Новым ударом стал просмотр привезенного для проката в России нового фильма Мингеллы. «Талантливый мистер Рипли» добил Незримова в его ненависти к своему последнему творению.
— Вот как надо снимать, вот как надо снимать, вот как надо снимать, — остолбенело талдычил он, и жена не на шутку взволновалась, видя его таким убитым, растерянным и беспомощным. — А у этого Незримова все, как у новичка, блёкло, картонно, фанерно! — говорил он о себе в третьем лице. — Вот уж госпожа Любля...ская порадуется. Какой ей подарочек!
— Перестань, Ёлочкин, миленький...
— Что перестань! Что перестань! Успокоить меня хочешь? Умиротворить?
— Не ори на меня! Я все свои заработанные бабки в это кино вложила, а ты мне тут истерики выписываешь! Тоже мне принц Датский, быть или не быть, не знала я тридцать с лишним лет назад, что выхожу замуж за будущего нытика.
Он пытался опомниться, взять себя в руки, увидеть трезво, что в «Волшебнице» действительно плохо, а что еще куда ни шло. Но здрасьте, еще чего! Какое там куда ни шло? С таким подходцем лучше сразу с четвертого этажа, как Саша Белявский.
В день, когда Толику исполнилось бы тридцать, крепко напились и горько плакали о том, как Бог послал им такого хорошего мальчика, а потом Сам же и отнял.
— Этот твой Бог... — скулил Незримов. — За что Он так с людьми? А? Если Он и есть, то такой несправедливый.
— Не говори так, — всхлипывала Марта, время от времени порывавшаяся прийти к Богу и Церкви, но всегда возвращавшаяся от них к мужу и его атеистическим убеждениям. — Мы не знаем о Его справедливостях и несправедливостях.
— А я и знать не желаю!
Наплакавшись, устали от горя и уснули под утро, но тихий апрельский рассвет огласили звериные дикие вопли:
— Они сына моего убили! Сына моего единственного! Толюшечку! Эти Незримовы! Тоже мне деятели кино! А сына убили. Сына!
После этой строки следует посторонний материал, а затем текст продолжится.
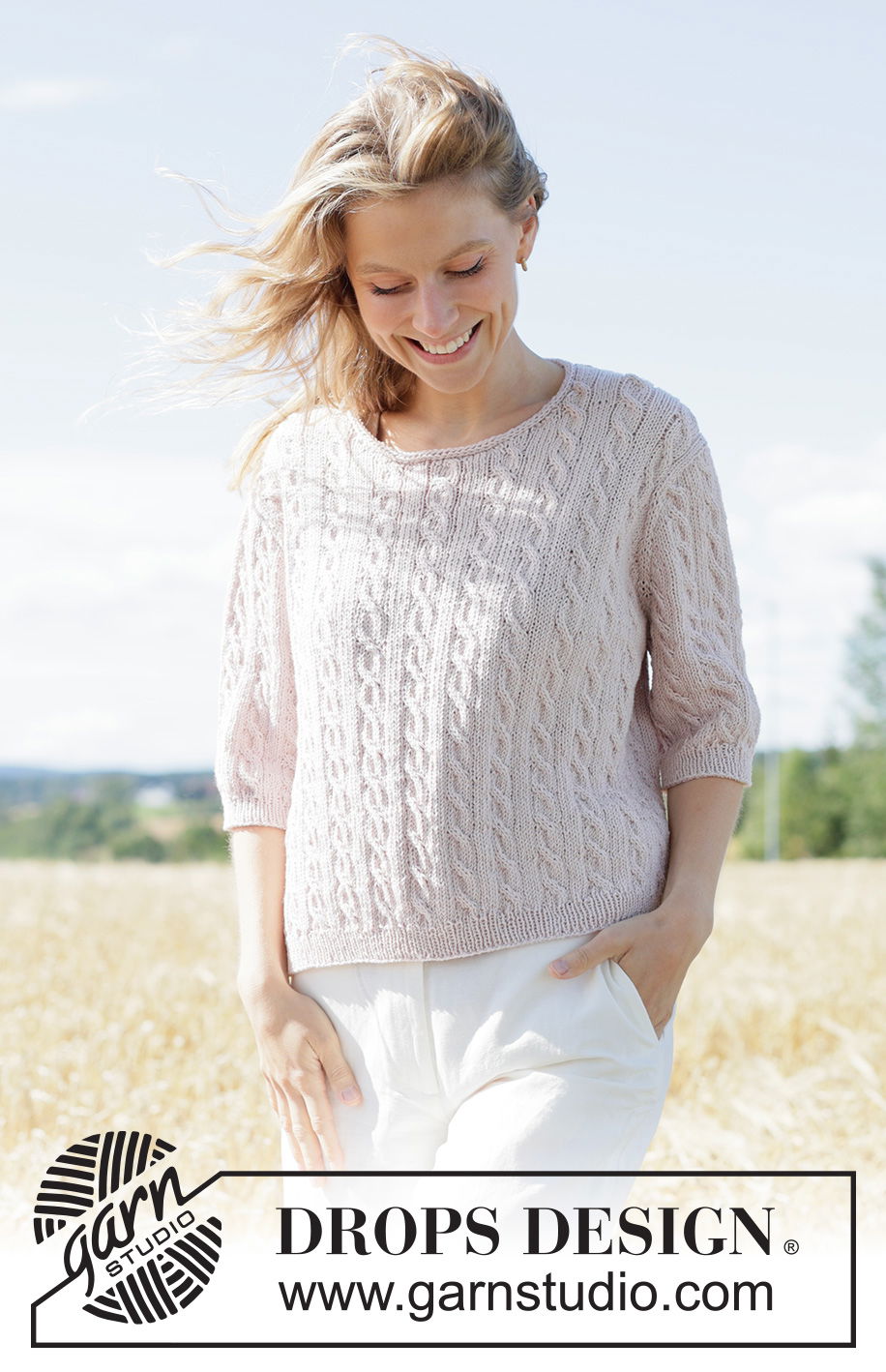 Breipatroon Top-down zomertrui met kabels en korte mouwen

Никогда не любивший охоту, в середине девяностых Незримов прикупил двустволочку и по блату обзавелся разрешением на нее: времена неспокойные, то там, то сям нападения на дачи. И вот теперь он вскочил, а уже через минуту жена тащилась за ним, хватая за края пижамы:
— Ёлкин! Не вздумай! Умоляю тебя! Тебя же посадят, дурака старого. Да и не орет он уже.
Но, споря с ее доводами, снова зазвучали пьяные рыдания о сыне и его убийцах, и Эол, отцепившись от своей верной Арфы, выскочил из дома, побежал босиком к калитке, распахнул ее и увидел качающийся призрак отца Толика. Он стоял над прудом как над трупом, почему-то как раз на том месте, где недавно был повержен в воду, и теперь, увидев двустволку, мигом умолк, струсил.
— Я говорил тебе, что убью? Беги, сука! — крикнул потомок богов.
— Ёлкин! Не смей! — подоспела Марта Валерьевна.
Богатырев вяло побежал, и тотчас прогремели один за другим два выстрела, после чего напуганный алкозавр заметно прибавил в беге, метнулся вправо и исчез на сонной улице Лебедева-Кумача. Навсегда ли? Надолго ли?
Пули достались небу, словно стрелявший выпустил их в Того, в Которого не верил.
Самоотрицание — тяжелейшая болезнь. Я должен покинуть сей мир, в котором больше не звучит мой голос, потому что он иссяк, я не имею права издавать нечленораздельное мычание вместо прошлых прекрасных песен. И мне не следовало начинать все заново после десяти лет молчания.
И жене приходилось устало повторять, что самобичевание мужа беспочвенно, ведь она смотрела весь монтаж, фильм превосходный, она не зря вложила в него все деньги, накопленные за несколько лет благодаря успешным бизнес-проектам. Как ей еще доказать, что следует прекратить нытье и шагать дальше, смело и уверенно?